◆ **INSTRUCTIONS TO FOLLOW**
Leave the images out, and copy each of the records below exactly.

◆ **LISTED ENTRIES**

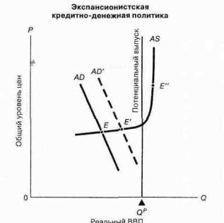 сдвиг кривой AD, изображенный на рис. 27-7. Этот сдвиг отражает денежную экспансию при наличии неиспользуемых ресурсов, т.е. при относительно пологой кривой AS. В данном случае увеличение предложения денег сдвигает кривую совокупного спроса с AD до AD', а общее макроэкономическое равновесие изменяется с Е до Е'. Данный пример демонстрирует, как экспансионистская кредитно-денежная политика может увеличить совокупный спроси оказать мощное воздействие на реальный выпуск.
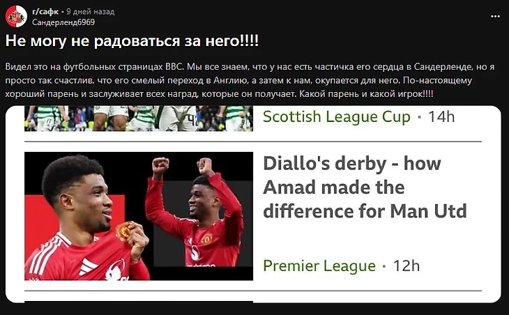 До зимы Амад остался в Италии: доделывал итальянский паспорт, чтобы въехать в Англию уже по европейским документам. Дальше постепенное внедрение в первую команду «МЮ», травмы и аренды: сначала полгода в «Рейнджерс», затем полный сезон-2022/23 в «Сандерленде». Амад почти дотянул команду, только поднявшуюся в Чемпионшип, до АПЛ – в плей-офф споткнулись о «Лутон». Но Амада заслуженно отметили наградой лучшему молодому игроку лиги.
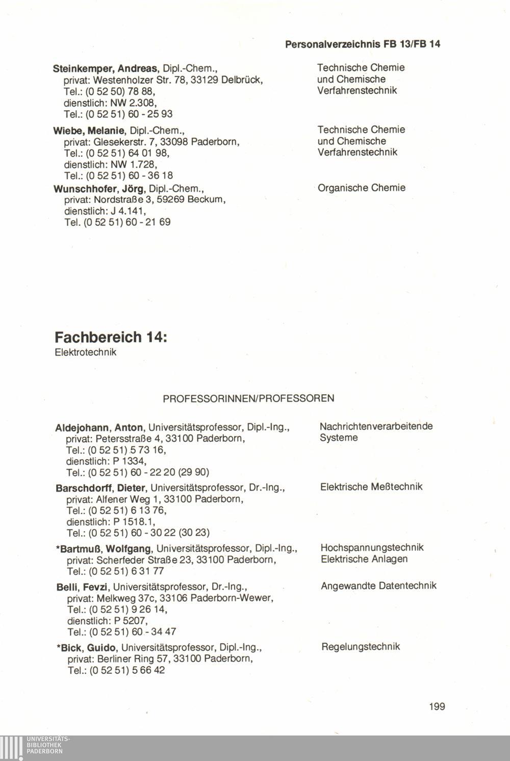 Personal- und Vorlesungsverzeichnis für die Universität Paderborn
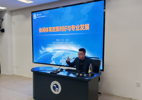 11月20日上午,苏州大学教授、博士生导师,江苏体育健康产业研究院休闲体育研究中心主任樊炳有博士来公司开展了“休闲体育政策利好与专业发展”的主题讲座。太阳成集团tyc151专业教师、休闲体育专业员工和体育运营与管理专业员工参加。
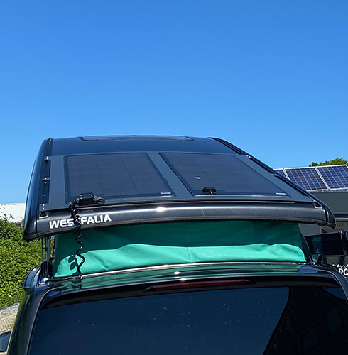 For a long time we were considering offering a solar system, because there are many on the market, but none convinced us so that we wanted to build it on our own vehicles. This for a very special reason, our vehicles are always driven only one season, and there the dismantling must be 100% possible. In addition, everyone is always concerned about the topic of "roof blowing", there are first cases where the manufacturer here no goodwill takes over when making changes to the roof. Translated with www.DeepL.com/Translator (free version)
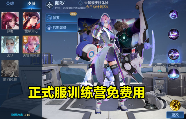 首先是天狼溯光者的预售,更新过版本的选手,可以不进行预售获得体验卡,再上手对比皮肤手感的繁琐步骤,而是直接进入训练营中开启限制体验(一天3次),皮肤性价比突出的关键一点在于,伽罗的平A不止自身有出彩的粒子特效表现,命中敌人后敌方身上也会附加一层拖尾,“挨打”就送特效的亮点还是挺有意思的。
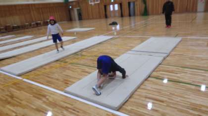 今回は、前転や後転にもチャレンジしました。どんどんできる動きを増やしていってほしいと思います。
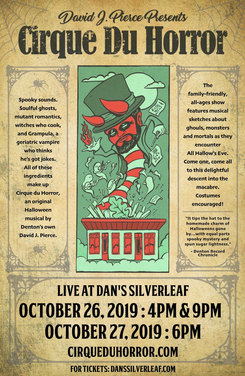 Spooky sounds. Soulful ghosts, mutant romantics, witches who cook, and Grampula, a geriatric vampire who thinks he’s got jokes. All these ingredients make up Cirque du Horror, an original Halloween musical by Denton’s own David J. Pierce. The family-friendly, all-ages show features musical sketches about ghouls, monsters and mortals as they encounter All Hallow’s Eve. Come one, come all to this delightful descent into the macabre. Costumes encouraged.

◆ **ANSWER FOR THE TASK**
 сдвиг кривой AD, изображенный на рис. 27-7. Этот сдвиг отражает денежную экспансию при наличии неиспользуемых ресурсов, т.е. при относительно пологой кривой AS. В данном случае увеличение предложения денег сдвигает кривую совокупного спроса с AD до AD', а общее макроэкономическое равновесие изменяется с Е до Е'. Данный пример демонстрирует, как экспансионистская кредитно-денежная политика может увеличить совокупный спроси оказать мощное воздействие на реальный выпуск.
 До зимы Амад остался в Италии: доделывал итальянский паспорт, чтобы въехать в Англию уже по европейским документам. Дальше постепенное внедрение в первую команду «МЮ», травмы и аренды: сначала полгода в «Рейнджерс», затем полный сезон-2022/23 в «Сандерленде». Амад почти дотянул команду, только поднявшуюся в Чемпионшип, до АПЛ – в плей-офф споткнулись о «Лутон». Но Амада заслуженно отметили наградой лучшему молодому игроку лиги.
 Personal- und Vorlesungsverzeichnis für die Universität Paderborn
 11月20日上午,苏州大学教授、博士生导师,江苏体育健康产业研究院休闲体育研究中心主任樊炳有博士来公司开展了“休闲体育政策利好与专业发展”的主题讲座。太阳成集团tyc151专业教师、休闲体育专业员工和体育运营与管理专业员工参加。
 For a long time we were considering offering a solar system, because there are many on the market, but none convinced us so that we wanted to build it on our own vehicles. This for a very special reason, our vehicles are always driven only one season, and there the dismantling must be 100% possible. In addition, everyone is always concerned about the topic of "roof blowing", there are first cases where the manufacturer here no goodwill takes over when making changes to the roof. Translated with www.DeepL.com/Translator (free version)
 首先是天狼溯光者的预售,更新过版本的选手,可以不进行预售获得体验卡,再上手对比皮肤手感的繁琐步骤,而是直接进入训练营中开启限制体验(一天3次),皮肤性价比突出的关键一点在于,伽罗的平A不止自身有出彩的粒子特效表现,命中敌人后敌方身上也会附加一层拖尾,“挨打”就送特效的亮点还是挺有意思的。
 今回は、前転や後転にもチャレンジしました。どんどんできる動きを増やしていってほしいと思います。
 Spooky sounds. Soulful ghosts, mutant romantics, witches who cook, and Grampula, a geriatric vampire who thinks he’s got jokes. All these ingredients make up Cirque du Horror, an original Halloween musical by Denton’s own David J. Pierce. The family-friendly, all-ages show features musical sketches about ghouls, monsters and mortals as they encounter All Hallow’s Eve. Come one, come all to this delightful descent into the macabre. Costumes encouraged.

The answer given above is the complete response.